As financial crisis and shortfalls in health workers draw global attention, there is a possibility that we lose sight of a key resource for achieving our aspirations and rights in health – people! Rene Loewenson of the Training and Research Support Centre, Zimbabwe tells us more.

The Commission on the Social Determinants of Health has echoed at global level the point made in many prior reports – people have a central role to play in achieving better health (WHO CSDH 2008). This isn’t a new perspective. ‘Community involvement in health’ (CIH) has been recognised as a critical dimension of health systems for many decades. The 1976 Alma Ata declaration made participation a central feature of primary health care. The 1987 World Health Organization (WHO) Harare declaration proposed reorientation of political and health systems to support such participation. Perhaps what is now being more clearly stated is that making sustainable gains in health and in the effective allocation of resources for health is as much about power as about method.
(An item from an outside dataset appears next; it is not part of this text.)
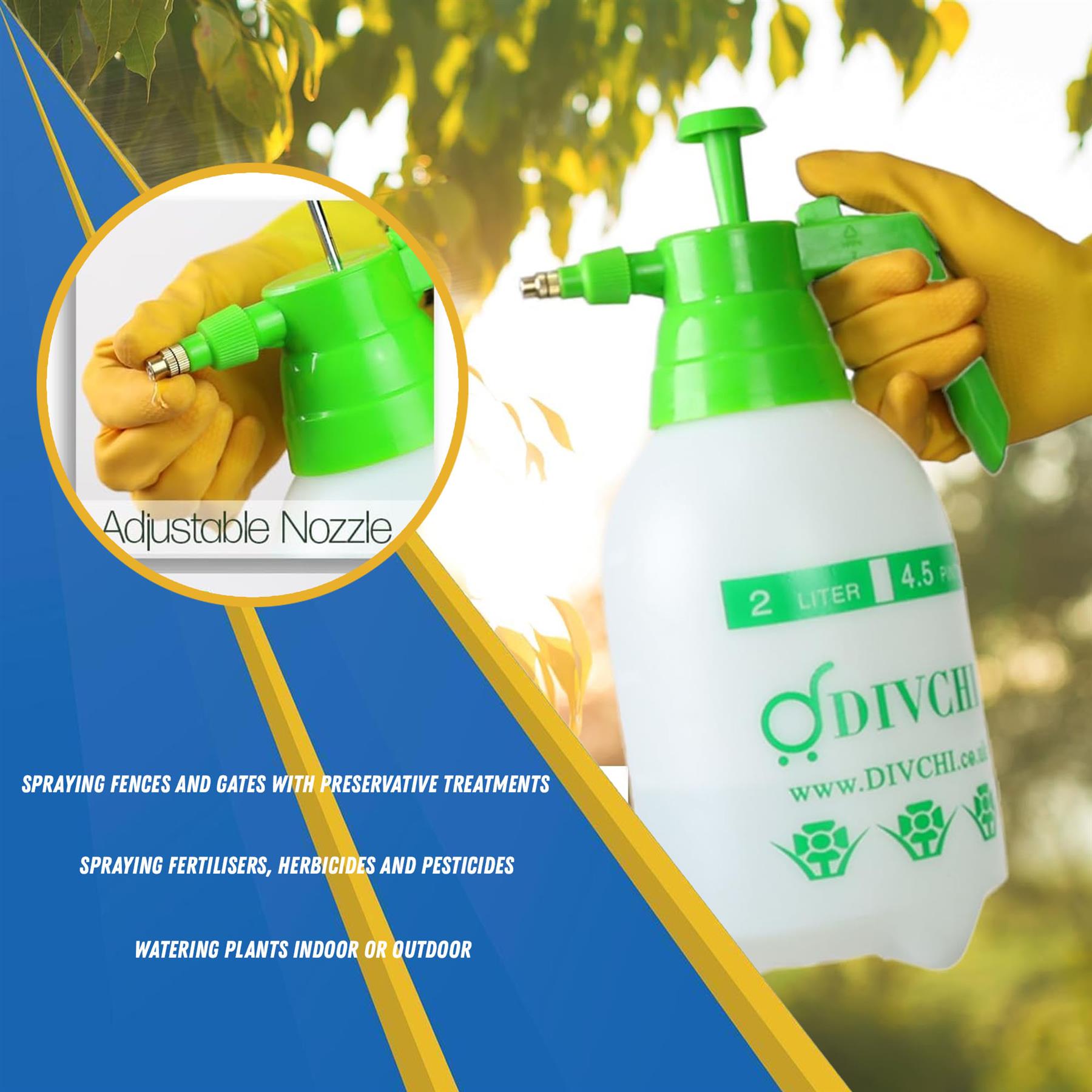 • This 2L pressure sprayer handles numerous applications, from watering plants and applying fertilizers to washing cars and cleaning surfaces.

One aspect of this is peoples’ power to decide on actions and direct resources for health and to challenge those contexts, interests and processes that block this.  Nina Wallerstein (1992) describes this social empowerment as ‘people’s ability to act through collective participation by strengthening their organisational capacities, challenging power inequities and achieving outcomes on many reciprocal levels in different domains: including psychological empowerment, household relations,… transformed institutions, greater access to resources, open governance and increasingly equitable community conditions’ .

Two stories from in southern Africa, presented below, exemplify differences in empowerment in health:
The first tells a story of the helplessness of an individual, with a woman watching her child die from a preventable disease, unable to create a healthy environment and unable to obtain the support she needs from health care services:
“We get water maybe twice a week. My five-year-old daughter had fever and diarrhoea.  I took her back to the clinic three times, but every time they said I should give her food and lots of water – that there was nothing they could do because they had no drugs. I thought about taking her to the central hospital, but it costs so much money. I just hoped… but my daughter died.”
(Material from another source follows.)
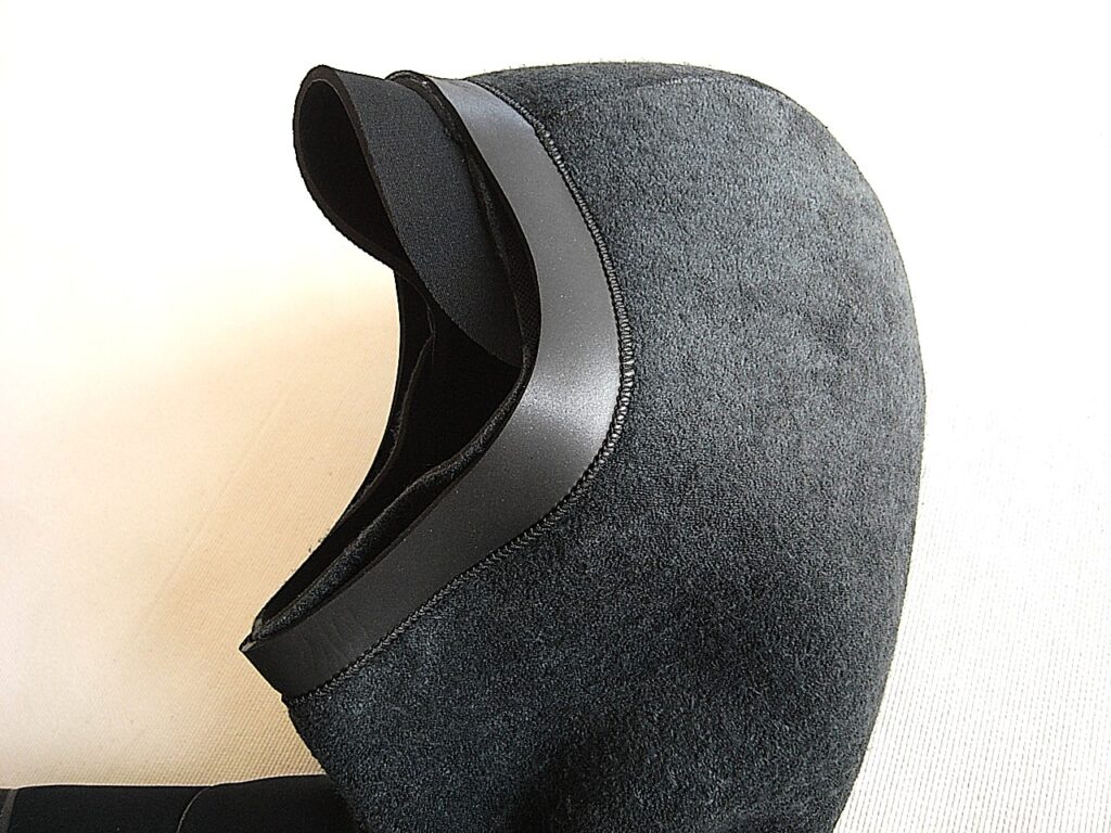 スーツとセパレートで被る一般的なキャップはこの状態になると首に圧迫を感じますが、このフード一体型ではその圧迫がない。

Resident of a high density area Harare, Zimbabwe  McGreal, C (2008)

The second tells a story of collective organisation around a health problem, where communities are engaged with authorities to keep their community healthy:
“We approached the Municipality about the illegal dumping. They agreed to clean the dump site.  Now it’s us, the community members who are monitoring that site.  We are very determined that no-one should dump there again.”
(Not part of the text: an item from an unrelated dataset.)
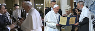 A precedere il discorso del Papa, quelli della presidente della Comunità ebraica di Roma, Ruth Dureghello, del presidente dell'Unione delle Comunità ebraiche italiane Renzo Gattegna e del rabbino Di Segni.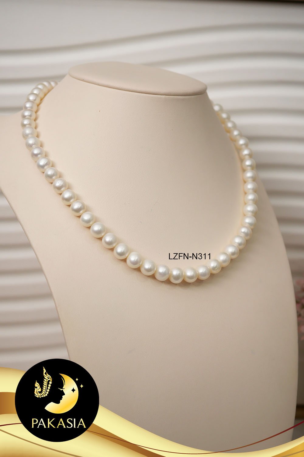 สร้อยคอมุกล้วน มุกน้ำจืดคัดเกรด สีขาว ทรงกลม ขนาด 8-8.5 mm เกรด AA ตะขอเสียบ เงินแท้ 92.5 ชุบทองคำขาว ความยาวประมาณ 18" มุกมีรอยธรรมชาติ สินค้าทุกชิ้นมีใบรับประกันมุกแท้ (Certificate of Guarantee) เม็ดมุกแต่ละเม็ดมีลักษณะเฉพาะตัว อาจมีรูปทรง ขนาด และสีต่างกันเล็กน้อย จากภาพโฆษณา

Community Health Committee, E Cape, South Africa in Boulle et al (2008)

There is little question of the difference in both social power and health outcomes in these two situations, with the second achieving a positive, wider, and more sustainable gain for people’s health. Yet there is still little investment in the processes that build collective organisation for health, and the alienation of the first story is played out again and again in millions of people’s lives. Behind high levels of AIDS-related mortality, malnutrition, water borne disease and other major disease burdens disproportionately affecting poor communities are social and economic differences. Underpinning these is often the powerlessness of socially marginalised groups, including women, certain ethnic and indigenous groups, people with disabilities, people of different sexual orientation, the elderly, and young people outside stable long-term partnerships.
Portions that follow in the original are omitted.